Policymakers should quickly re-engineer a refinancing opportunity for all mortgagees that are current on payments and are included in GSE-securitized mortgages, said Gross, PIMCO's co-founder and co-chief investment officer.

The American economy is approaching a cul-de-sac of stimulus, both monetarily and fiscally, which will slow it to a snail's pace incapable of providing sufficient job growth going forward.

Such a program was needed in the next six months, he added.

Gross' suggestion is at odds with the Obama administration's housing rescue strategy, which has been focused on modifying failing mortgages to lower payments for struggling homeowners.
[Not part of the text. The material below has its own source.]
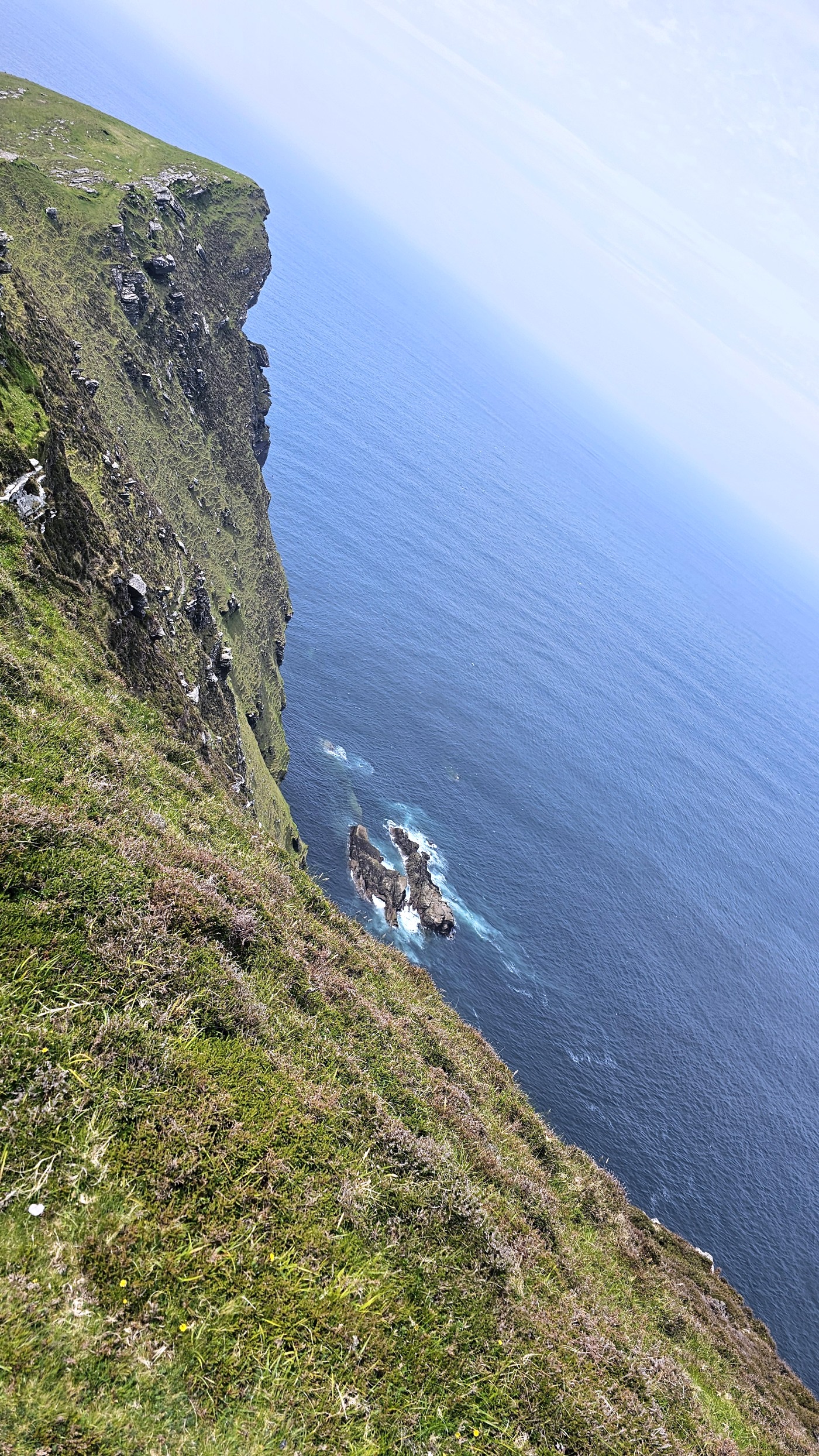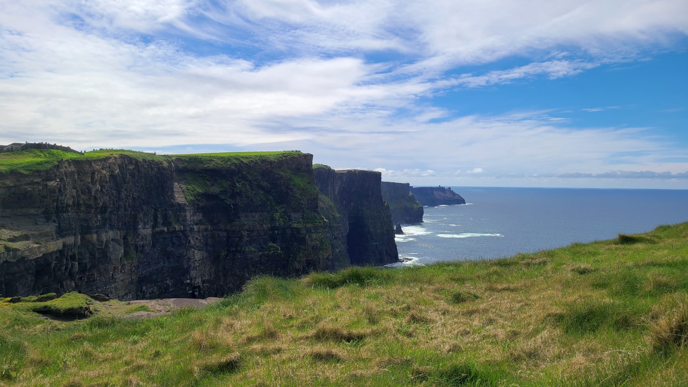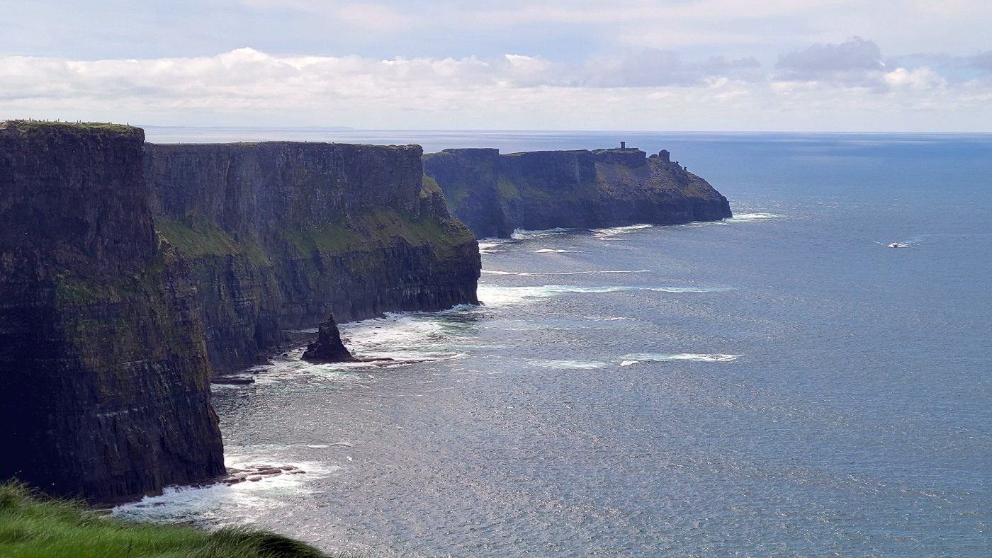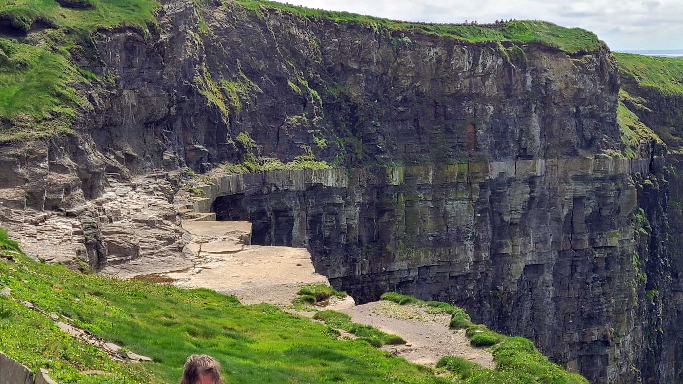 Wir dachten allerdings an unseren gestrigen Ausflug zu den Klippen der Insel Valentia zurück. Sie waren nur mit zwei aufsteigenden Kilometern Fußmarsch zu erreichen und bei weitem nicht so lang, aber fast ebenso hoch und eigentlich atemberaubender durch die Naturbelassenheit. Deren Besucher waren so wenig, dass man sich freundlich grüßte oder sogar ein paar Worte wechselte und der Parkplatz kostete zwei statt nun zwanzig Euro. Letzteres verbilligt für Senioren, wobei ich geschummelt habe und mich als 65-Jährige ausgegeben habe. Erschreckend übrigens, dass man mir das ohne Nachfrage geglaubt hat...

A wholesale Fannie/Freddie refinancing program for those making their payments would be a major shift in policy.

After the conference, Gross told reporters he didn't think the administration would take up his proposal and added that he actually shouldn't have brought it up because the day's focus was on options for a new housing finance system.

Gross, who oversees more than $1 trillion in assets, also called for a full nationalization of Fannie Mae and Freddie Mac, consolidating them into a single government agency to provide full guarantees for mortgages.

He said it was unrealistic to assume that the private market could step in and replace GSEs as providers of home mortgage liquidity. It won't work, he said.

Without a government guarantee, mortgage rates would be hundreds -- hundreds -- of basis points higher, resulting in a moribund housing market for years, Gross said.

He said PIMCO would not consider investing in a private, or privately insured, mortgage pool unless it was accompanied by 30 percent down payments -- far above the current norm.